Cell Proliferation Assays
Cell viability assay was performed using CellTiter 96 AQueous One Solution Reagent (Promega, Madison, WI, USA) according to the manufacturer’s recommendations. Briefly, cells were plated in 96-well microplates in triplicate at a density of 3×105cells/ml and treated as indicated for 72 hrs. Then 20 μl of a tetrazolium compound (MTS) was added to each well for 4 h at 37°C. After incubation, the absorbance was read at a wave length of 490 nm. Accordingly, cell viability is reported as percentage of control (untreated) cells, with the data representing three independent experiments. Error bars represent the standard error of the mean for each data point.
Western Blot
Protein was extracted by RIPA lysis buffer supplemented with protease inhibitor cocktail set I and phosphatase inhibitor cocktail set II (Calbiochem, Nottingham, England). Equal amounts of protein extracts were resolved in 4%-12% standard SDS-PAGE and transferred to polyvinylidenedifluoride (PVDF) membranes. Membranes were probed with primary antibody overnight at 4°C and Horseradish peroxidase (HRP)-conjugated secondary antibody for 1 h at room temperature, with the protein band visualized by chemiluminescent detection kit with ClarityTM Western ECL Substrate from Bio-Rad Laboratories (Richmond, CA, USA). The images were captured using Bio-Rad ChemiDoc Imaging System.
Quantitative Real-Time PCR
Ribonucleic acid (RNA) was isolated with TRIzol reagent (Invitrogen, Paisley, United Kingdom), and complementary DNA (cDNA) was generated using PrimeScript RT reagent Kit (Takara Shuzo, Shiga, Japan) according to the manufacturer’s recommendation.
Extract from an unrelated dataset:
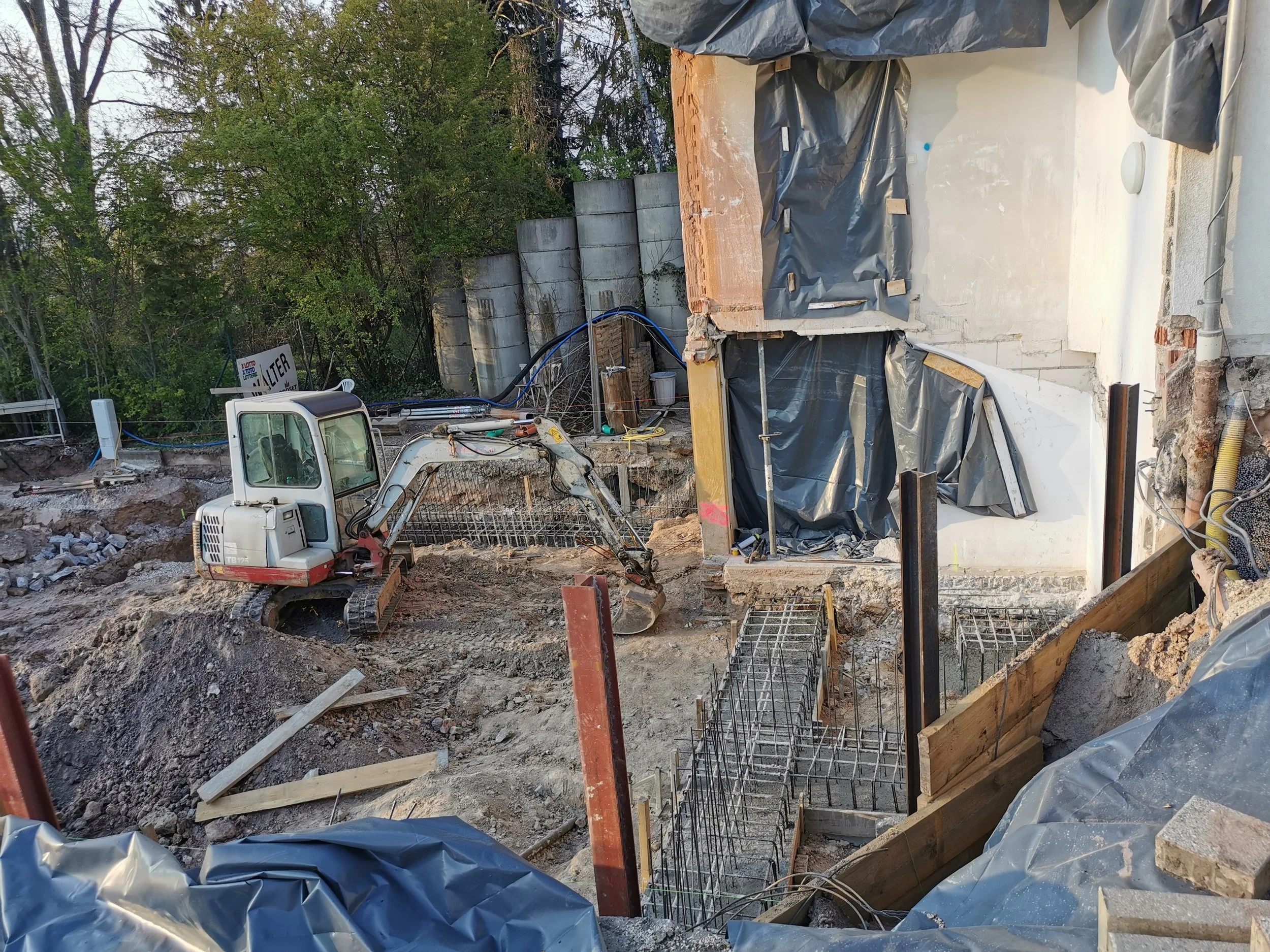 Der Rückbau geht dem Ende entgegen, noch 3 Tage bis zum Beginn des Neubau. Die letzten Reste und das alte Fundament sind schon weg. Es war einiges verbaut, was so nicht erwartet wurde.

Quantitative real-time polymerase chain reaction (PCR) was performed with SYBR Premix Ex Taq II (Takara Shuzo, Shiga, Japan) according to the manufacturer’s recommendation. The quantitative polymerase chain reaction was carried out in triplicate on a CFX96 multicolor real-time PCR system (Bio-Rad, Richmond, CA).β-actin was used as an internal standard. The PCR primers are listed in Table 1.
Flow Cytometry
Apoptosis detection kit containing Annexin-V-FITC, propidiumiodide (PI) and binding buffer were purchased from Keygen Biotech (Nanjing, China). To detect apoptosis, cells were seeded in a 6-well plate at the density of 3×105 cells/well and incubated with designated drugs for 48h. The cells were collected and washed with cold phosphate-buffered saline (PBS) three times. Each sample was suspended in 500 µl binding buffer containing 5 µl Annexin-V-FITC, 5 µl PI, and incubated for 15 min in the dark at room temperature. The cells were analyzed by CytoFlex flow cytometry (Becton Dickinson, Heidelberg, Germany) and CytExpert software. The results shown here represent three independent experiments.
Glucose Uptake and Lactate Production
To determine the cellular glucose uptake and lactate production, cells were collected and seeded in triplicate at the density of 1~2×106 cells/well and treated with certain drugs for indicated times. Culture mediums were removed to analyze glucose and lactate content with the fresh medium as control using a SBA-40C biosensor (Biology institute of Shandong academy of science, Jinan, Shandong province) according to the manufacturer’s instruction.
Statistical Analysis
The statistical analyses were performed with SPSS version 18.0 software (SPSS Inc., Chicago, IL, USA). Comparisons between groups were analyzed by the Student paired t test. Multiple groups were compared using analysis of variance (ANOVA) followed by post-hoc Fisher’s least significant difference (LSD) testing when appropriate. Significance was judged when p<0.05.
Results
Evaluation of the Drug-Resistant Characteristics: Comparison of Proliferation and Apoptosis in the Presence of Sorafenib
Two sorafenib resistant cell lines, MV4-11-R and BaF3-ITD-R, generated from the parental MV4-11 and BaF3-ITD cells should be continuously maintained in the medium containing 0.5 µM sorafenib. When deprived with sorafenib treatment they may lose the drug resistance. After a long time to store in the liquid nitrogen, it’s necessary to confirm the drug resistance prior to use. Cell viability and cell apoptosis assays were utilized to evaluate the drug resistance characteristics. Cell viability of MV4-11 and MV4-11-R cells responding to increasing concentrations of sorafenib for 72 h, and that of BaF3-ITD and BaF3-ITD-R were shown in Figure 1A. The IC50 values of the two pairs of cells were evaluated. We estimated the IC50 for resistant cell line MV4-11-R and BaF3-ITD-R is 2.43 μM and 1.52 μM, which is significantly higher than 4.35 nM in MV4-11 and 4.85 nM in BaF3-ITD. By analyzing the cell viability, we confirmed the resistant cell lines were resistant to sorafenib treatment.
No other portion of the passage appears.